Health Crises in Your 50s: Why Weight Matters Greatly!

 



INSTALLMENT #1 IN SERIES

Continuing my series about health crises that begin in  your 50s, I'm going to discuss the thing we intellectually know but perhaps haven't yet applied to our own conditions - weight.


In this photo below, I was considered obese on BMI scale. Now, I'm 5'8" and athletically built with a medium-to-large frame, but there was no disputing up close that I carried a lot of belly fat and arm fat. That increased volume creates higher BP and sets one up for diabetes, as well as inflammation from the excess body fat. 


We go about our days doing what we always did and don't think about what might be lurking under the surface. Maybe we say, "I'll see the doctor when I lose the weight so he doesn't nag me," or we bypass the BP machine in the drugstore because we figure if our BP is up, we are still doing just fine without any symptoms, so it can't be all that bad.


Ideal waist is 35" or less for women and 40" or less for men.


Body fat, especially belly fat, is the single greatest risk factor for disease. You could get away with it when younger, but by the 50s, the numbers start revealing elevated fasting blood sugar and higher BP numbers. 


And, whether we like to hear it or not, every pound off we get better numbers. As little as 10% body fat loss can have a great affect on these numbers and your risk factors. 

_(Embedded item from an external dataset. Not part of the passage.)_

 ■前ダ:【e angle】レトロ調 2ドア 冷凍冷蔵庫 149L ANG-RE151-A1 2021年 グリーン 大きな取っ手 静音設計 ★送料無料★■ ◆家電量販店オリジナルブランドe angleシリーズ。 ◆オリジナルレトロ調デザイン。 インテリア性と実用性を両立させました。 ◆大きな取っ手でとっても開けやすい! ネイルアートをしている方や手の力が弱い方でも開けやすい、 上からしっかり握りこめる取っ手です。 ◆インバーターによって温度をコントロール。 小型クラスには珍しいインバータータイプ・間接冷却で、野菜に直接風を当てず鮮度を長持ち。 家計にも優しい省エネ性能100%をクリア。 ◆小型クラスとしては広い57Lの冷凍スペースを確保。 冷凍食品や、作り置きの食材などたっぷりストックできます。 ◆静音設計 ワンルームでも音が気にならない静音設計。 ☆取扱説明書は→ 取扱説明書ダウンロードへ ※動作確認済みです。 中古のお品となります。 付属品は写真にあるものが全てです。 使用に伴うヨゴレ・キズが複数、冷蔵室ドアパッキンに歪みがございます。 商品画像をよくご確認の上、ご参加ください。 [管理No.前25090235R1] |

In fact, it was reported that 78% of covid sufferers who ended up in the ER were overweight. The risk factors for being overweight and having covid are tremendous. It has that much impact on all your body functions. 


The amazing thing is there are some diseases we have no choice over having like seizure disorder, multiple sclerosis, or rheumatoid arthritis, but there are some that we have absolute control over. 

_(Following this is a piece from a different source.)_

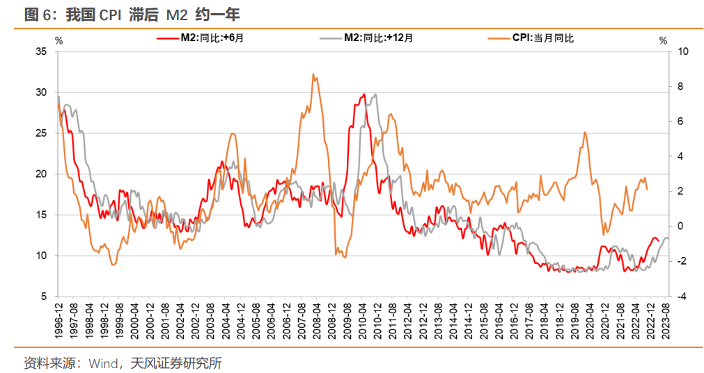 货币扩张传导到物价上涨存在时滞,但广义货币扩张最终大多会传导到 CPI 上涨。从历史观察,M2扩张传导至CPI上涨的时滞约在半年到一年左右。

When you can find the control you have in your health, it's time to exercise it (serenity prayer above). 


KNOW YOUR NUMBERS

Ideal blood pressure is considered to be between 90/60mmHg and 120/80mmHg. high blood pressure is considered to be 140/90mmHg or higher. low blood pressure is considered to be 90/60mmHg or lower.


A fasting blood sugar level less than 100 mg/dL (5.6 mmol/L) is normal. A fasting blood sugar level from 100 to 125 mg/dL (5.6 to 6.9 mmol/L) is considered prediabetes. If it's 126 mg/dL (7 mmol/L) or higher on two separate tests, you have diabetes.




CHECK LABELS

Ideal amount of sugar grams per day - less than 24 g.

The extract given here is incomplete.